*** Data for this task ***

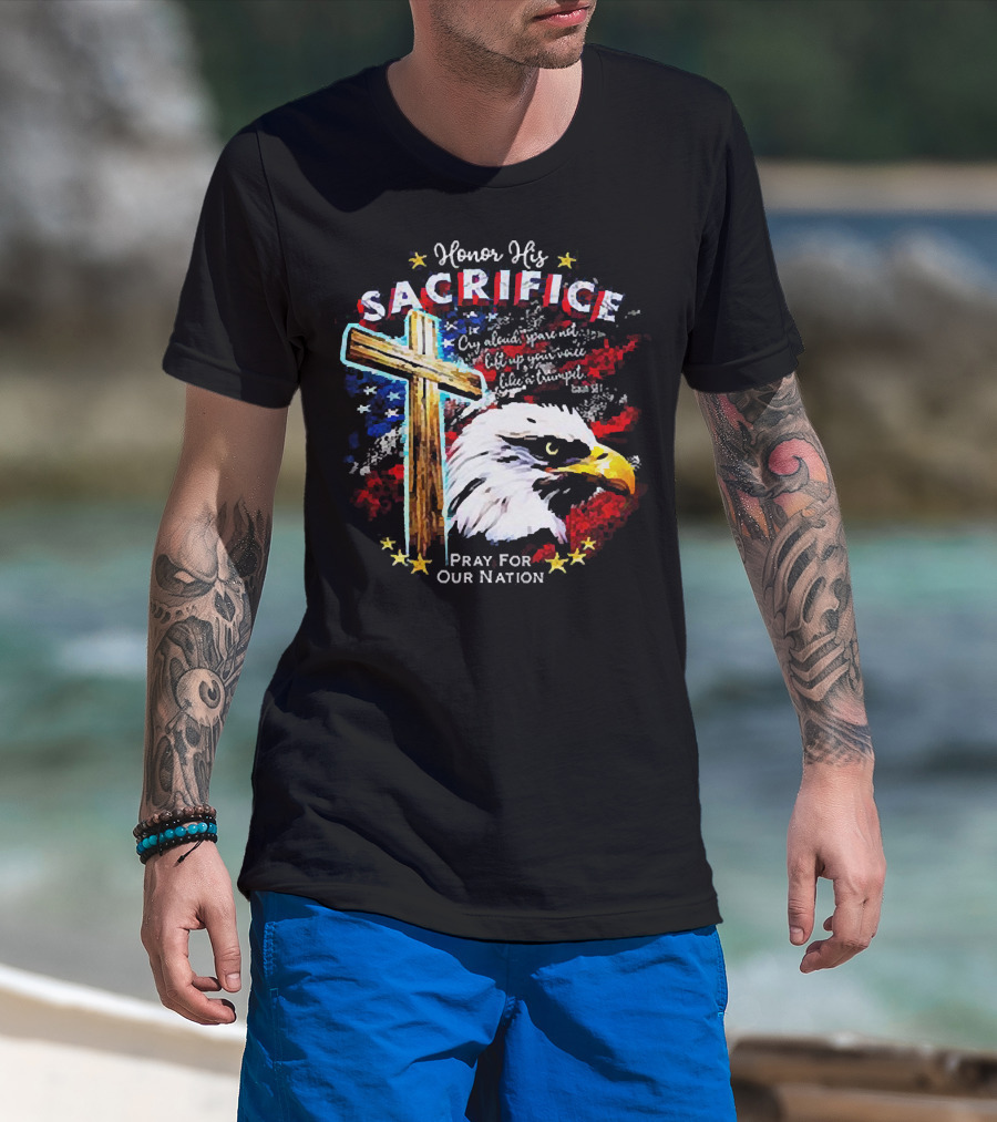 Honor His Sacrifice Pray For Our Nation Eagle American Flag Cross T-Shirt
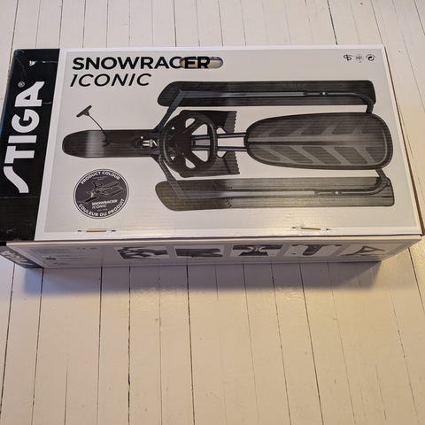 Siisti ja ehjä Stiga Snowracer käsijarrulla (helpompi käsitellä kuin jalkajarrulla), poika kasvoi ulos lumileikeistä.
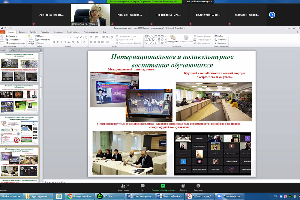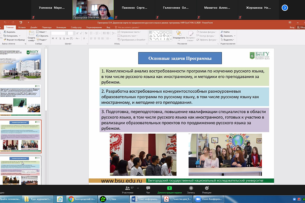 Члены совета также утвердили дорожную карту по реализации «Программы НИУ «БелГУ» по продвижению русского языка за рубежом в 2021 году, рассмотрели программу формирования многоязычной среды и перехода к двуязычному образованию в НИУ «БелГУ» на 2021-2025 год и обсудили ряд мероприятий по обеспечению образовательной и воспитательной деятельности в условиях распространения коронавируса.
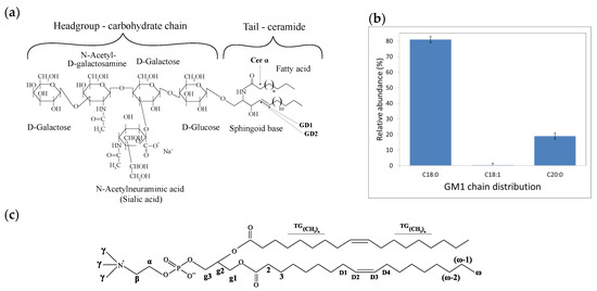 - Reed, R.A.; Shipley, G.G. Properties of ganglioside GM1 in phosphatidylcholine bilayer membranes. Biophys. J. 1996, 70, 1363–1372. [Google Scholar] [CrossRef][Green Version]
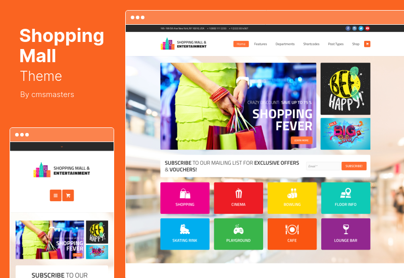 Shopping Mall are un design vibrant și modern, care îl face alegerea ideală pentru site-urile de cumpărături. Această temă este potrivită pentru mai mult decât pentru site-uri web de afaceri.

*** End of Data for this task ***

Only an exact copy belongs in the answer: the lines from the one containing "Члены совета также" through the end of the records, both ends included, minus the pictures.

● Answer to this problem:
 Члены совета также утвердили дорожную карту по реализации «Программы НИУ «БелГУ» по продвижению русского языка за рубежом в 2021 году, рассмотрели программу формирования многоязычной среды и перехода к двуязычному образованию в НИУ «БелГУ» на 2021-2025 год и обсудили ряд мероприятий по обеспечению образовательной и воспитательной деятельности в условиях распространения коронавируса.
 - Reed, R.A.; Shipley, G.G. Properties of ganglioside GM1 in phosphatidylcholine bilayer membranes. Biophys. J. 1996, 70, 1363–1372. [Google Scholar] [CrossRef][Green Version]
 Shopping Mall are un design vibrant și modern, care îl face alegerea ideală pentru site-urile de cumpărături. Această temă este potrivită pentru mai mult decât pentru site-uri web de afaceri.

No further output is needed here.